There’s an ulterior reason to do this, too: it’s great for showing the value of writing specifications. If you have data on how long the bug was present and how long it took to find the bug, you can show the time difference between “catching this bug in production” and “catching this bug in the model”. The difference could very well be something like “several weeks” versus half an hour.

Finding a bug

Take an existing system with an observed bug and write a model that has the bug. This is different from showcasing a bug in that you don’t have full information on the bug, as you haven’t actually localized or fixed it yet. The purpose of the spec is to make it easier to find the bug. If you can accurately reproduce it in the model, it will show you the series of steps that leads to the bug. You can then determine where things start going sideways in the spec, and use that to localize the bug in the code itself.

If you can’t reproduce the bug, it could be from a few common reasons. One is that the spec could be too high level. You might be abstracting the error handling as correct but you actually missed an error case. Another is that the bug could be a slip: you got some implementation detail wrong. Think something like writing merge(f, g) instead of merge(g, f), putting two lines in the wrong order, etc. These are all problems that easily sneak past a spec. Specs are better at reproducing bugs from holes in the design, or when a design has “correct” but unintended behavior.

Sometimes you’ll find the bug because of the model checker. In many cases, though, the spec makes the bug “obvious”. It’s much easier to see a race condition in 10 lines of spec than in 1,000 lines of code. This leads to a common beginner frustration with formal specifications, that they’ve already figured things out before finishing the model. This is actually one of the big benefits of specification: most of the model checking can happen in your head.

One example I worked on: why wasn’t a kill-switch working? After a couple days fruitlessly trying to track it down, I wrote a spec and immediately went “oh right, the kill-switch prevented us enqueueing jobs, not processing them.” Obvious in the spec, less so in the codebase.

Understanding an unfamiliar system

Take a system you want to understand better and write a model for it. A spec error is much more likely to mean you misunderstood something than a failed spec meant for your own system. But writing the spec will help significantly even before you verify it. You can’t really handwave in a spec: everything you write must be precise and rigorous. This does wonders for understanding something.

It also provides a good way to verify your knowledge is correct. You can see what happens when you run it through a model checker and compare it to the behavior of the real system. You can also show the model to a domain expert and see if it matches their understanding of the system.³ If it does not, you have a precise way of knowing how your understanding diverges.

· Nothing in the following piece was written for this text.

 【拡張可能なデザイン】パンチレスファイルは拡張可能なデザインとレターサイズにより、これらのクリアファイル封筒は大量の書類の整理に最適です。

In my experience you’re also more likely to find critical bugs by modeling unfamiliar systems than ones you’re familiar with. I have no idea why. Regardless if you decide to bring up a bug with someone, remember to be respectful and empathetic. Just as specs don’t replace tests, specs don’t replace social skills.

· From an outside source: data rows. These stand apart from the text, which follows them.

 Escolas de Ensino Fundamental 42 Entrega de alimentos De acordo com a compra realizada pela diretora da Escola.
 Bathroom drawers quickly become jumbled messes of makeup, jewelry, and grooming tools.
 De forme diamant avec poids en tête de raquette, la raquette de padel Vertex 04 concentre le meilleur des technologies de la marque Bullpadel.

Changing an existing system

Take a system, a model of that system, and a new requirement or desired change. Show that it does not satisfy the requirement, and then modify the model until it does.

At least in my experience this ends up being the most regular use of FM on a project. Since the spec is high level, most changes will map to only a few lines of modified spec. Before you make a change, vet that the change you make actually does what you want. This helps you understanding what you’re doing. It also helps a ton with finding bugs, showing how a small change in your system propagates into global invariant violation.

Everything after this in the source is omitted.